Guillaume DEMEY, Hamza BETMI, David DEJOUR
(Lyon, France)
La pente tibiale postérieure excessive est le facteur intrinsèque de rupture du ligament croisé antérieur (LCA) et d’échec de ligamentoplastie. Elle est responsable d’une translation tibiale antérieure statique augmentant la contrainte sur la greffe et le risque d’échec biologique. Le seuil pathologique est de 5mm. La translation n’est pas diminuée par les plasties antérolatérales.
La technique de mesure référence dans la littérature utilise l’axe anatomique proximal du tibia sur une radiographie de profil strict du genou en appuis monopodal. Une valeur de pente supérieure à 10° est considérée comme anormale surtout en présence d’une translation tibiale augmentée.
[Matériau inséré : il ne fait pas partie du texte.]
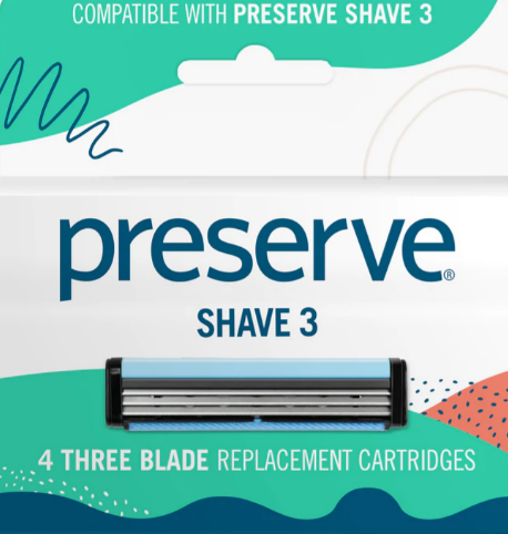 These replacement blades for the Preserve Shave 3 and Preserve Triple Razor flex and pivot to prevent nicks and cuts and provide a smooth, close shave for men and women alike. Titanium-covered blades feature a Vitamin E and aloe lubrication strip for added comfort, and are easy to remove and replace. No animal testing.

Dans ce cas, il faut considérer une correction de la pente en cas de chirurgie de reprise ou rarement en première intention. Lors d’une correction de la pente, la valeur cible est située entre 4 et 6° afin de normaliser la translation tibiale antérieure statique. La chirurgie peut être réalisée en sus-, trans- ou infra-tubérositaire. L’ostéotomie sus-tubérositaire a largement notre préférence pour plusieurs raisons : Elle permet de corriger l’anatomie du tibia proximal à l’endroit précis de la déformation métaphysaire L’ostéotomie est réalisée en os purement spongieux permettant une consolidation en 3 semaines dans 100% des cas. La fixation par deux agrafes est suffisante.
La charnière haute et large permet d’éviter tout effet varisant ou valgisant de l’ostéotomie Son effet sur la fémoro-patellaire est cliniquement nul. Le taux de douleur antérieure ou d’ablation de matériel secondaire est très faible. La chirurgie débute par le prélèvement de la greffe et le temps arthroscopique avec traitement des éventuelles lésions méniscales et la réalisation des tunnels. L’ostéotomie de correction de pente sus-tubérositaire est ensuite réalisée sous contrôle scopique. La bonne correction de la pente est mesurée en peropératoire et l’ostéotomie est fixée par deux agrafes. La greffe est ensuite passée et fixée. Les suites post-opératoires sont adaptées à ce geste avec une période sans appui de 3 semaines. La reprise d’appui est autorisée entre 3 et 6 semaines. Après 6 semaines, le protocole habituel de rééducation après reconstruction du LCA est poursuivi sans modification des consignes. Les résultats dans la littérature montrent une efficacité redoutable de ces ostéotomies avec un taux de re-rupture quasi nul et un taux de complication très faible.